• _TASK PROMPT_
Using the records below, copy out exactly the line that contains "TESLA BATTERIES EXPLODE" and every line that follows it, up to and including the last, and no others.

• _DATA EXTRACT_
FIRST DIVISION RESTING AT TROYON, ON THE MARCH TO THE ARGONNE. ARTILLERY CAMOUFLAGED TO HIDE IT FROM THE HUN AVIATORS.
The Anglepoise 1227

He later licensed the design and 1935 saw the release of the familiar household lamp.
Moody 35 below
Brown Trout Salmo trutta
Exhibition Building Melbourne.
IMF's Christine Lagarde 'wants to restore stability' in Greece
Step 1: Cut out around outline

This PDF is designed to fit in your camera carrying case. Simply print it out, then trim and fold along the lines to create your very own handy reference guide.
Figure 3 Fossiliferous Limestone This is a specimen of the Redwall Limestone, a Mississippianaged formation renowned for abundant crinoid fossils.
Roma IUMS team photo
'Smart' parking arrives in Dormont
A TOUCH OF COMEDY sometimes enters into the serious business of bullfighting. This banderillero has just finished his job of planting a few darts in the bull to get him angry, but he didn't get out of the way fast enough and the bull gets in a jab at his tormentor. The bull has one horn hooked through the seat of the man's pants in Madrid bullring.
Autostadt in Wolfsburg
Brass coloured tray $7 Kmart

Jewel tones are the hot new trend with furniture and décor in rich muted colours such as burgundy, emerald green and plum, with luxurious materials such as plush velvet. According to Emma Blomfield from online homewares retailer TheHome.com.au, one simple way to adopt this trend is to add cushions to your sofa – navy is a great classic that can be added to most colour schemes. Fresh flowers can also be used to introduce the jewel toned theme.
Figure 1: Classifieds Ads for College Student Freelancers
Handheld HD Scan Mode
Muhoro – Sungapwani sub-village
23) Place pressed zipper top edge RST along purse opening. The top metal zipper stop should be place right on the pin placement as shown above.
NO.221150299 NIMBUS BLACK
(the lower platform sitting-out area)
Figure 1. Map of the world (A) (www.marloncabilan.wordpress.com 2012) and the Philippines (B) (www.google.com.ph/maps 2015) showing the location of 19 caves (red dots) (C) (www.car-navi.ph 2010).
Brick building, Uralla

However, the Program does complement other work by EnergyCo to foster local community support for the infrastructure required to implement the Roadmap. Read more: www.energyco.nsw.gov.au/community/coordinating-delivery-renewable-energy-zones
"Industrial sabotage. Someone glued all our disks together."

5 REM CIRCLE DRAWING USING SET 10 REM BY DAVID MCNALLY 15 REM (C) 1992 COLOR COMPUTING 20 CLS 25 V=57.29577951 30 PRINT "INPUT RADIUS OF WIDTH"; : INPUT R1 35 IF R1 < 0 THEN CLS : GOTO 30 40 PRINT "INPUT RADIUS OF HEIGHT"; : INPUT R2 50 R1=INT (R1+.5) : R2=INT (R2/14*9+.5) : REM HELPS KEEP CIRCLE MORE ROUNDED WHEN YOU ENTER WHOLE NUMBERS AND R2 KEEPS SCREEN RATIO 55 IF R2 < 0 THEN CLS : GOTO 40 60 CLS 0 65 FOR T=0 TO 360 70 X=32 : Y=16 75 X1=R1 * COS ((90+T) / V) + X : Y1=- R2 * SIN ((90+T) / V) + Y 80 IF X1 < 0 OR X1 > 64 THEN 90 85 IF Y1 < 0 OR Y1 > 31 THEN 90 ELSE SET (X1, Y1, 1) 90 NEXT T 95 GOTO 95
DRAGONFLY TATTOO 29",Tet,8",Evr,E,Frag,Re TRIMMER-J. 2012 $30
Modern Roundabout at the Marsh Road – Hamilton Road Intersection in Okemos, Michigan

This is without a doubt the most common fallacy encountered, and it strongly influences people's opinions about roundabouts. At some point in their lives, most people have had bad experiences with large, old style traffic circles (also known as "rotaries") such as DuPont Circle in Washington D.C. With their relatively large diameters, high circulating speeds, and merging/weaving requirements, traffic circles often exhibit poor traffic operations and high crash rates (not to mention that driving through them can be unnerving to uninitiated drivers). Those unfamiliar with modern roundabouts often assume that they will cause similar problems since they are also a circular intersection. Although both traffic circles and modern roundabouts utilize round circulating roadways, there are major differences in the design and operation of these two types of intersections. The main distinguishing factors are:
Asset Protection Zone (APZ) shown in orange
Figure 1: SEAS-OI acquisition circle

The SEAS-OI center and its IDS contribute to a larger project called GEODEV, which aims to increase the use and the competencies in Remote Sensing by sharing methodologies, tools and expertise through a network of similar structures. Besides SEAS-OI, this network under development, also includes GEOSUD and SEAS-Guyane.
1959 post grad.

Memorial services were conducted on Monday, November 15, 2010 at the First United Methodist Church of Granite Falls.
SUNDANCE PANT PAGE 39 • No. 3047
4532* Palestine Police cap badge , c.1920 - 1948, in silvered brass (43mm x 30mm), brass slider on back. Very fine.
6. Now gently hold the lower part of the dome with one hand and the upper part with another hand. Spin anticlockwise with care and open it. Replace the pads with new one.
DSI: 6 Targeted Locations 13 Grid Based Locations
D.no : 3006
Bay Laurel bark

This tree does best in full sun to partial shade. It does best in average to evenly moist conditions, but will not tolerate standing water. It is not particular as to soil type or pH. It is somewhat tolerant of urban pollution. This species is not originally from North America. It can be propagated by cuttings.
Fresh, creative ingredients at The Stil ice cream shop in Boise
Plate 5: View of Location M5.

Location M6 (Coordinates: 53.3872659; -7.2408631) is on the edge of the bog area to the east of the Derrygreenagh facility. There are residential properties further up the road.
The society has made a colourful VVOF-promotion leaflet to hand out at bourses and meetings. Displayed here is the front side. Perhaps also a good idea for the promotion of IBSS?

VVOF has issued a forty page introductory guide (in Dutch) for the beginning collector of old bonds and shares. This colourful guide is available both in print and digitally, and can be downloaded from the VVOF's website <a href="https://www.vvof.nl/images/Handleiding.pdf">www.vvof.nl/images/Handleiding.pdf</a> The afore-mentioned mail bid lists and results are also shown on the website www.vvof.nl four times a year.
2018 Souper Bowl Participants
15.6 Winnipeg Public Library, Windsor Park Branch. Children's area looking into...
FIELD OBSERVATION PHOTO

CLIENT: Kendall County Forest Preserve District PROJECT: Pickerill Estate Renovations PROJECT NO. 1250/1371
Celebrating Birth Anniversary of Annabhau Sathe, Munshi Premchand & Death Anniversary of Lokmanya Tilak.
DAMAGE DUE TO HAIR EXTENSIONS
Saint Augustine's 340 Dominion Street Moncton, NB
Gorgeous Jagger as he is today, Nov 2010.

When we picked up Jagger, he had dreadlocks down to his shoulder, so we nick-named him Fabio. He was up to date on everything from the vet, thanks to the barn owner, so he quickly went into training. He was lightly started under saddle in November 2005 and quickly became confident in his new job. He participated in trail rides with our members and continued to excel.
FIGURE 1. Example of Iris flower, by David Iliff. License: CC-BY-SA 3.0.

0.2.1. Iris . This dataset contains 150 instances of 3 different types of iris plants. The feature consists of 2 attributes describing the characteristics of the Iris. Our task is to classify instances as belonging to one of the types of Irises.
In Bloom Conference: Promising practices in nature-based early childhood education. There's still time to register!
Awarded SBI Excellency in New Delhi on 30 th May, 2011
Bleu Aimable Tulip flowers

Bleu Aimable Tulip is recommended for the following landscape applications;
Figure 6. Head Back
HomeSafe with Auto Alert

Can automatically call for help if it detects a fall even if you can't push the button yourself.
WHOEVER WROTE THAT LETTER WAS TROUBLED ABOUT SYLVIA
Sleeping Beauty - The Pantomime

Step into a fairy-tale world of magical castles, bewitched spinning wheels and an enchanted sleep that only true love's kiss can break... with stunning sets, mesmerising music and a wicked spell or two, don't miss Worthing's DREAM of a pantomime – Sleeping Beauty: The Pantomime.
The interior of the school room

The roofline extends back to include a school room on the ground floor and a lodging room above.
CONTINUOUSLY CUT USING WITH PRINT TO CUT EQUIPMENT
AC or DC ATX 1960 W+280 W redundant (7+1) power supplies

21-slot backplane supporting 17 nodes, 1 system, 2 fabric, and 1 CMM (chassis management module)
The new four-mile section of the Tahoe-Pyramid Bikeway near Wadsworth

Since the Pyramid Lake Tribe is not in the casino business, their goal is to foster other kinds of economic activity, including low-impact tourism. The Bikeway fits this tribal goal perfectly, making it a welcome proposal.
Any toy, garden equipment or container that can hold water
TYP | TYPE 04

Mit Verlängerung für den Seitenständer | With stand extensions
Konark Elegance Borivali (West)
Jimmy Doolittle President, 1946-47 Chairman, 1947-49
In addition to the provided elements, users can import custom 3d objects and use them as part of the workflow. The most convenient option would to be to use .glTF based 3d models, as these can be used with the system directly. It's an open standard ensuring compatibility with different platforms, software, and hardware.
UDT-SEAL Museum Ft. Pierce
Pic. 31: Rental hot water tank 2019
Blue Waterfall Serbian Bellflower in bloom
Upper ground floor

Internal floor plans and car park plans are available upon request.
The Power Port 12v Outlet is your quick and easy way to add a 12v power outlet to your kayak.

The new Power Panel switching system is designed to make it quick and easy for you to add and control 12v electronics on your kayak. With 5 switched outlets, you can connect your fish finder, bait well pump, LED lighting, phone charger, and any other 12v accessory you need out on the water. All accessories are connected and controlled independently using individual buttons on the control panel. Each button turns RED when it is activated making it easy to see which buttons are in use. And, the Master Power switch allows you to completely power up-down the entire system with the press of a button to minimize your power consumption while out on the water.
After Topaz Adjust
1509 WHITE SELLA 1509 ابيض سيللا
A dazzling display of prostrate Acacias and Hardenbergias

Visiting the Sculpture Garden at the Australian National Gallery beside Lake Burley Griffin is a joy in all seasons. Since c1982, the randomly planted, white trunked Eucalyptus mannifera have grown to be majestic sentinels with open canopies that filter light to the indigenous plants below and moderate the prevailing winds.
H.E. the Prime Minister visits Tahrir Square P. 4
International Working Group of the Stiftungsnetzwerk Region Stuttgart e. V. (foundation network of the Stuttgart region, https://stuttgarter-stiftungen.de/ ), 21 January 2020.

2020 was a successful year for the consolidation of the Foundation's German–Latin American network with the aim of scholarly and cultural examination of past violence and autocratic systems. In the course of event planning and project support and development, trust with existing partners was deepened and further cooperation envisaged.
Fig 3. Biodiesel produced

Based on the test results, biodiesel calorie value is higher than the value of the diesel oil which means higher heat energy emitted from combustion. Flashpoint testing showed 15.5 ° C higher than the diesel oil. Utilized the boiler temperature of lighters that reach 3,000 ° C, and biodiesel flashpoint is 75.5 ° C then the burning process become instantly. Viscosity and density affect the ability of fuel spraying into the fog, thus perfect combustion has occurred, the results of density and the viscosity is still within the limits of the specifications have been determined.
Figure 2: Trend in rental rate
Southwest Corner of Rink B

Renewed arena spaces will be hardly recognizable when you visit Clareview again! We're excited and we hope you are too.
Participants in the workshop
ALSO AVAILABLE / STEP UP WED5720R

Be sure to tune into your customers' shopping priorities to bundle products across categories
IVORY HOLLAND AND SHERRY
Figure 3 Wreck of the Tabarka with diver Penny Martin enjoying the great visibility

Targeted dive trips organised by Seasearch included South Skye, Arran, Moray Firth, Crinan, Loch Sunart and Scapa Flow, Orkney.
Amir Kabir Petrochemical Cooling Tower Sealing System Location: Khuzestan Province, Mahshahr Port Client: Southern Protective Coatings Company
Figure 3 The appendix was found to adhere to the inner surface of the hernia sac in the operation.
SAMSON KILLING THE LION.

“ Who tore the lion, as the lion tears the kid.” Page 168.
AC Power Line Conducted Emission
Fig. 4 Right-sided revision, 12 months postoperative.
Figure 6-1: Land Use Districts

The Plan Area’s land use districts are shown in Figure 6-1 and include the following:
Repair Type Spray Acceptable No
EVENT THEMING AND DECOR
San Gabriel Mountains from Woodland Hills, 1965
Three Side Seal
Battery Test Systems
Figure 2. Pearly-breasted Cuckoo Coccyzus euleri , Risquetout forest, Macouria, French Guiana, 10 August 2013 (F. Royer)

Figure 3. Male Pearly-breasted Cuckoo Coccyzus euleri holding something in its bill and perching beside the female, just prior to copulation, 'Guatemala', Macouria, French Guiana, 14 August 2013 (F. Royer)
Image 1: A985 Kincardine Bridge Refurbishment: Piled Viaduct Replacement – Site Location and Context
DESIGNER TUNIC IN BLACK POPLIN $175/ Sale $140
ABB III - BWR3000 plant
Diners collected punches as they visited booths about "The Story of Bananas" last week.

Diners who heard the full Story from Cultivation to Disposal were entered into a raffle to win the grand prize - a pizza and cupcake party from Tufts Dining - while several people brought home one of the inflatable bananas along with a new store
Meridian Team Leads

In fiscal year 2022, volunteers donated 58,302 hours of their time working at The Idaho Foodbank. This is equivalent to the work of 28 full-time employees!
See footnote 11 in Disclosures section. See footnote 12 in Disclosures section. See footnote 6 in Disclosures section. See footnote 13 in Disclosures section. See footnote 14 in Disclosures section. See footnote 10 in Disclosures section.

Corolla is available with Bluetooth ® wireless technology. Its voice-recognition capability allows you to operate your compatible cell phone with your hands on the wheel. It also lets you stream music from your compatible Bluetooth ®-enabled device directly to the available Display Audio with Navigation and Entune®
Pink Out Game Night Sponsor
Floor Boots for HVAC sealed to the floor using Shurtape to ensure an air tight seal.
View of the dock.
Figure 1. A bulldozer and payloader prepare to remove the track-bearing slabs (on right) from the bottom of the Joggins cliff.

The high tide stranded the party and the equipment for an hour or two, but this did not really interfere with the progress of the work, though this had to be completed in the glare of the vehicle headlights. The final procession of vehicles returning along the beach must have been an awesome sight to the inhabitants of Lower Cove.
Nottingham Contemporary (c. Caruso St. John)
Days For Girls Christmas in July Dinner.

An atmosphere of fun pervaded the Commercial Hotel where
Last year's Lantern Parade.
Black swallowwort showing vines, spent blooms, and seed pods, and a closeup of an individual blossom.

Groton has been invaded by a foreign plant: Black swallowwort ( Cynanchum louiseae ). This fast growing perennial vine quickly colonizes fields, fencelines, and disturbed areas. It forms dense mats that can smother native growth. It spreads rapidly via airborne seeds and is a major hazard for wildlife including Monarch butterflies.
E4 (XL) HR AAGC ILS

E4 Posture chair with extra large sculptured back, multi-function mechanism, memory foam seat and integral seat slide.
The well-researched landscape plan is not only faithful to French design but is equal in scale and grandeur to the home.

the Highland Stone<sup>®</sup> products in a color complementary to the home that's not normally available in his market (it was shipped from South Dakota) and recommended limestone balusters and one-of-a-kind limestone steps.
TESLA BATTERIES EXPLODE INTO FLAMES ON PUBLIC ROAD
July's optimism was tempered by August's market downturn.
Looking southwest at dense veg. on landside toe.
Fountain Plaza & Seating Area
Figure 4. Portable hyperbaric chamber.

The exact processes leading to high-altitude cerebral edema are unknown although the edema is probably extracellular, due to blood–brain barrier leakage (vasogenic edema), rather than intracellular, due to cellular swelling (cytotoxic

• _EXERCISE RESULT_
TESLA BATTERIES EXPLODE INTO FLAMES ON PUBLIC ROAD
July's optimism was tempered by August's market downturn.
Looking southwest at dense veg. on landside toe.
Fountain Plaza & Seating Area
Figure 4. Portable hyperbaric chamber.

The exact processes leading to high-altitude cerebral edema are unknown although the edema is probably extracellular, due to blood–brain barrier leakage (vasogenic edema), rather than intracellular, due to cellular swelling (cytotoxic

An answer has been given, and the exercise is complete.